Note: If the 'df.pickle' download link broken, use this link

from sklearn.model_selection import train_test_split
from urllib.request import urlopen
from os.path import exists
from os import mkdir
import tensorflow as tf
import pandas as pd
import pickle

# Define dataframe path
df_path = 'df.pickle'

# Check if local dataframe exists
if not exists(df_path):
  # Download binary from dropbox
  content = urlopen('https://ucd92a22d5e0d4d29b8edb608305.dl.dropboxusercontent.com/cd/0/get/Askx_25n3JI-jmnZsWXmMmRgd4O2EH1w9l0U6zCMq7xdSXs_IN_i2zuUviseqa9N7-WrReFbGhQi8CeseV5cNsFTO8dzRmSdxjr-MWEDQNpPaZ8Ik29E_58YAjY57qTc4CA/file#').read()

  # Write to file
  with open(df_path, 'wb') as file: file.write(content)

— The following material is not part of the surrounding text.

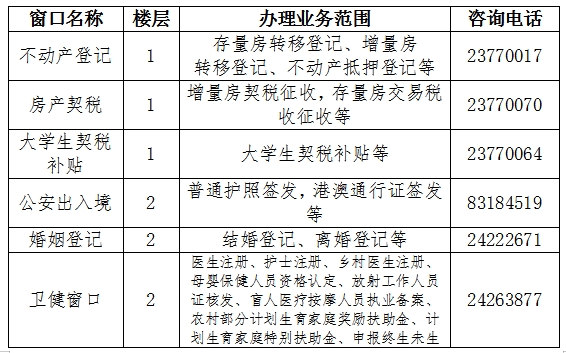 一樓:不動(dòng)產(chǎn)、契稅、公證處、人事檔案等窗口部門以及24小時(shí)自助廳等。

  # Load the dataframe from bytes
  df = pickle.loads(content)
# If the file exists (aka. downloaded)
else:
  # Load the dataframe from file
  df = pickle.load(open(df_path, 'rb'))

# Normalize the category
df['Category_Code'] = df['Category_Code'].apply(lambda x: x / 41)

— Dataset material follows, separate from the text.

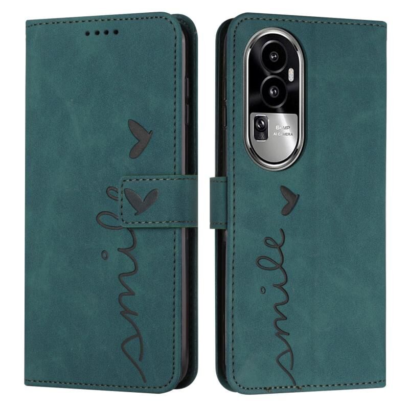 Για OPPO Reno10 Pro + δέρμα αισθάνονται καρδιά μοτίβο δερμάτινη θήκη τηλεφώνου (πράσινο)

train_df, test_df = [pd.DataFrame() for _ in range(2)]

x_train, x_test, y_train, y_test = train_test_split(df['Content_Parsed'], df['Category_Code'], test_size=0.15, random_state=8)
train_df['Content_Parsed'], train_df['Category_Code'] = x_train, y_train
test_df['Content_Parsed'], test_df['Category_Code'] = x_test, y_test

# Variable containing the number of words we want to keep in our vocabulary
NUM_WORDS = 10000
# Input/Token length
SEQ_LEN = 300

# Create tokenizer for our data
tokenizer = tf.keras.preprocessing.text.Tokenizer(num_words=NUM_WORDS, oov_token='<UNK>')
tokenizer.fit_on_texts(train_df['Content_Parsed'])

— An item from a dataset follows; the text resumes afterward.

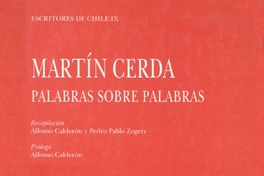 Palabras sobre palabras / Martín Cerda ; recopilación,Alfonso Calderón y Pedro Pablo Zegers ; prólogo, Alfonso Calderón. Santiago de Chile : DIBAM, Centro de Investigaciones Diego Barros Arana, c1997. 143 páginas ; retrato ; 25 cm. .

# Convert text data to numerical indexes
train_seqs=tokenizer.texts_to_sequences(train_df['Content_Parsed'])
test_seqs=tokenizer.texts_to_sequences(test_df['Content_Parsed'])

# Pad data up to SEQ_LEN (note that we truncate if there are more than SEQ_LEN tokens)
train_seqs=tf.keras.preprocessing.sequence.pad_sequences(train_seqs, maxlen=SEQ_LEN, padding="post")
test_seqs=tf.keras.preprocessing.sequence.pad_sequences(test_seqs, maxlen=SEQ_LEN, padding="post")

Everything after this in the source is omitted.